→ **WHAT TO DO**:
Of all the lines in the entries below, give again exactly those starting at the line containing "Sleek metal container" and ending at the line containing "Připravujete hodně pokrmů, které", both ends included, and no others.

→ **DATA TO PROCESS**:

---

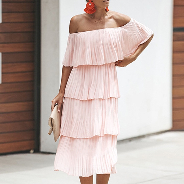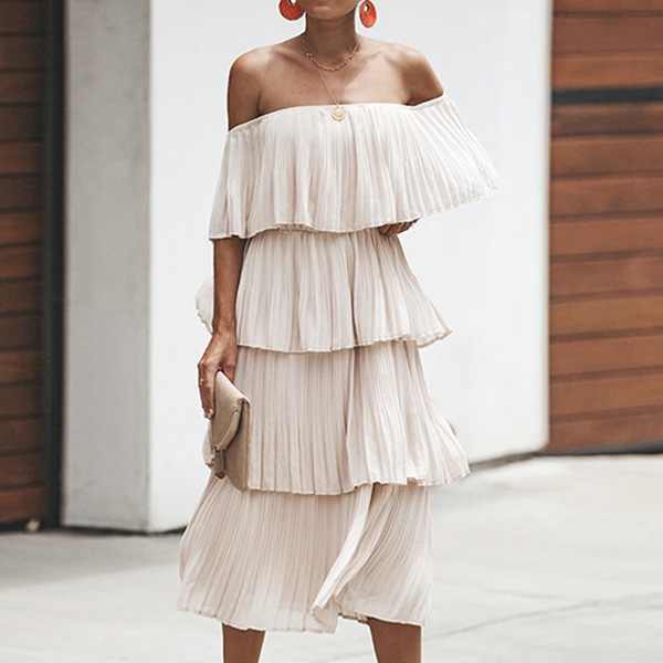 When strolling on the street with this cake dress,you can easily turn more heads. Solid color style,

---

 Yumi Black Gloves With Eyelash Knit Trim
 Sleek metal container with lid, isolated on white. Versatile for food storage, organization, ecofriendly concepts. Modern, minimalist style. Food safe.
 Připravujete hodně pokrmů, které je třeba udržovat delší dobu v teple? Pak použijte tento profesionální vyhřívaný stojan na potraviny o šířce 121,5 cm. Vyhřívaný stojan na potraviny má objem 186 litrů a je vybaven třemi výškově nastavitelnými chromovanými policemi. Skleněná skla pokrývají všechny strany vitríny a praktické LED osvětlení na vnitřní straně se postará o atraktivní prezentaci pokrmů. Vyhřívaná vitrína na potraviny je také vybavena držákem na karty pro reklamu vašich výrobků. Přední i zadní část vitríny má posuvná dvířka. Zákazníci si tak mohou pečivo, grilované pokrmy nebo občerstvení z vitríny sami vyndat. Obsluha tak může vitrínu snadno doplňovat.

---

→ **EXERCISE OUTPUT**:
 Sleek metal container with lid, isolated on white. Versatile for food storage, organization, ecofriendly concepts. Modern, minimalist style. Food safe.
 Připravujete hodně pokrmů, které je třeba udržovat delší dobu v teple? Pak použijte tento profesionální vyhřívaný stojan na potraviny o šířce 121,5 cm. Vyhřívaný stojan na potraviny má objem 186 litrů a je vybaven třemi výškově nastavitelnými chromovanými policemi. Skleněná skla pokrývají všechny strany vitríny a praktické LED osvětlení na vnitřní straně se postará o atraktivní prezentaci pokrmů. Vyhřívaná vitrína na potraviny je také vybavena držákem na karty pro reklamu vašich výrobků. Přední i zadní část vitríny má posuvná dvířka. Zákazníci si tak mohou pečivo, grilované pokrmy nebo občerstvení z vitríny sami vyndat. Obsluha tak může vitrínu snadno doplňovat.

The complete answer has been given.